K’oen-yu ts’iuen t’ou [Map of the World], by Ferdinand Verbiest, 1674
Timed to coincide with Asian Art in London, 3rd to 12th November 2011, map dealer Daniel Crouch Rare Books will be exhibiting work by Ferdinand Verbiest completed at the Chinese Court during the start of the Qing Dynasty (1644-1912), as well as antique Chinese porcelain, presented by Woolley & Wallis Auctioneers.
Daniel Crouch, who recently opened his new gallery at 4 Bury Street in the heart of St James’s, will have on show the spectacular ‘K’oen-yu ts’iuen t’ou’, or Map of the World, by Ferdinand Verbiest, 1674, as well as ‘Typus eclipsis lunae’, 1682, a description of the lunar eclipse of 25 March 1671, by Verbiest at the Chinese Court.

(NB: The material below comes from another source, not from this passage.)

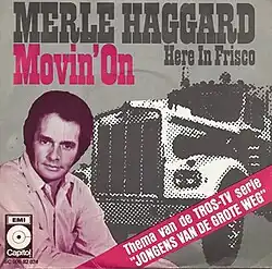"Movin' On" is a song written and recorded by American country music singer Merle Haggard and The Strangers. It was released in May 1975 as the third single and partial title track from the album Keep Movin' On. Originally, it was the theme song to the 1974-1976 NBC-TV series of the same name and references the lead characters of the series, Sonny Pruitt and Will Chandler, by name. A full-length version of the song was released as a single in 1975, and it topped the Billboard Hot Country Singles chart that July.[1]

Ferdinand Verbiest (known as Nan Huairen in Chinese) was a Flemish Jesuit missionary in China, who became a close friend and aid to the Kangxi Emperor. Verbiest was highly skilled in astronomy, mathematics, and geometry, and successfully introduced European astronomy to China. This involved the audacious move of removing a superfluous month from the 1670 year calendar, previously approved by the Emperor himself.

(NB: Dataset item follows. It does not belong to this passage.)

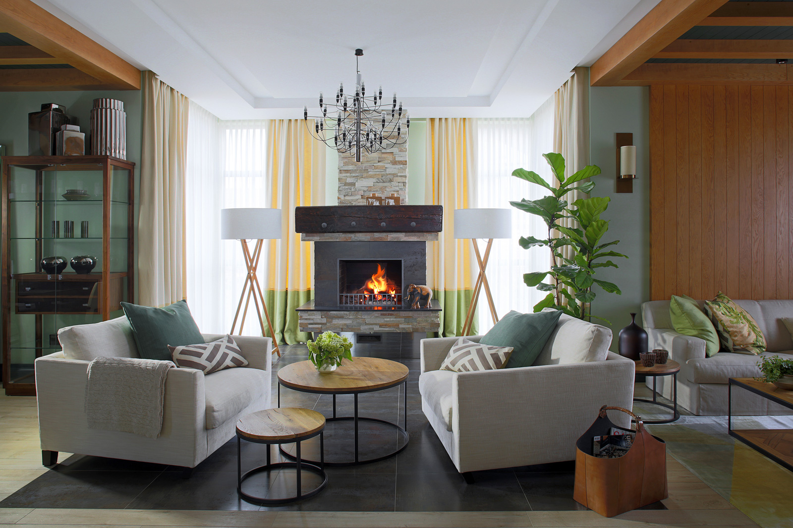 Просторная гостиная разделена на несколько зон. Ее центром служит дизайнерский камин. Рядом находится телевизионная зона, для обшивки стен которой использованы дубовые доски. Напольный ковер у дивана продолжает природную тему: его фактура и нежно-салатовый оттенок напоминают сочный лесной мох. Декоративные подушки на диване перекликаются по цвету с ковром. Особую гармонию и свежесть в интерьер привносит комнатное растение в напольной вазе.

‘K’oen-yu ts’iuen t’ou’, or Map of the World, pictured above, is in fact a free standing screen of two maps representing the eastern and western hemispheres made by woodblock print on silk, each hemisphere about six feet [183 centimetres] squared. This unique map incorporates Chinese text with European cartographic knowledge of the globe at that time. Panels of Chinese characters offer geographical information and even non-Chinese place-names are written in Chinese characters, either as phonetic conversions or by translating the meaning of the name. Exotic animals and birds appear, some misplaced, like the blue giraffe in Antarctica and the bird of paradise placed on the Australian mainland. A lively sperm whale, twin spouts of water jetting from its head, appears above the billows of the waves, a reminder of the rich whaling grounds once fished so relentlessly between Australia and the South Pole. Other real or mythological animals illustrated include Himalayan monkeys, a dragon, a unicorn and a bird looking like a plump, blue-feathered dodo.

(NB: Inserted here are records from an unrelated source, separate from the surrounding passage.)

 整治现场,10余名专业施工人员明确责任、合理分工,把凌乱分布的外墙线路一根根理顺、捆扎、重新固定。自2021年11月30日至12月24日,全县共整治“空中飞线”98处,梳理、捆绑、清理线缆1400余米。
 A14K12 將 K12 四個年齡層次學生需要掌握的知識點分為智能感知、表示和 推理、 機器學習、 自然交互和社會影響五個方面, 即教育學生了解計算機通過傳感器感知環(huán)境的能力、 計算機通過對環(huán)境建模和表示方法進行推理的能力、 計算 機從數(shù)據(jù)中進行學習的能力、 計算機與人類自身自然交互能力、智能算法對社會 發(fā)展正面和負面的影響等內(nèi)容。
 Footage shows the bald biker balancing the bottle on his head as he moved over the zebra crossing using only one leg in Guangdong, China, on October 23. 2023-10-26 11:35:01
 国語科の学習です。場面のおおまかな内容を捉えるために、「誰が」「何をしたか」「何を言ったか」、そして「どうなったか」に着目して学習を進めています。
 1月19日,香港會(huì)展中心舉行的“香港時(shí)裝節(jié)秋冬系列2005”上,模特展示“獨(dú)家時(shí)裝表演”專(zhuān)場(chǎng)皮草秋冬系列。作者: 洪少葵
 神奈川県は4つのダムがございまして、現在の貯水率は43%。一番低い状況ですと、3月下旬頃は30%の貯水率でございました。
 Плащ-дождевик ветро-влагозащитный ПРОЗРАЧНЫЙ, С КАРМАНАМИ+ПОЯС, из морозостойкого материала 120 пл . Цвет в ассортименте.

Having resolved the issues with the Emperor’s court surrounding the calendar, Verbiest went on to compose a table charting all solar and lunar eclipses for the next 2000 years. Daniel will be exhibiting Verbiest’s ‘Typus eclipsis lunae’, 1682, a description of the lunar eclipse of 25 March 1671.
Verbiest was the only Westerner in Chinese history to ever receive the honour of a posthumous name by the Emperor.
Daniel Crouch Rare Books is a specialist dealer in antique atlases, maps, plans, sea charts and voyages dating from the fifteenth to the nineteenth centuries.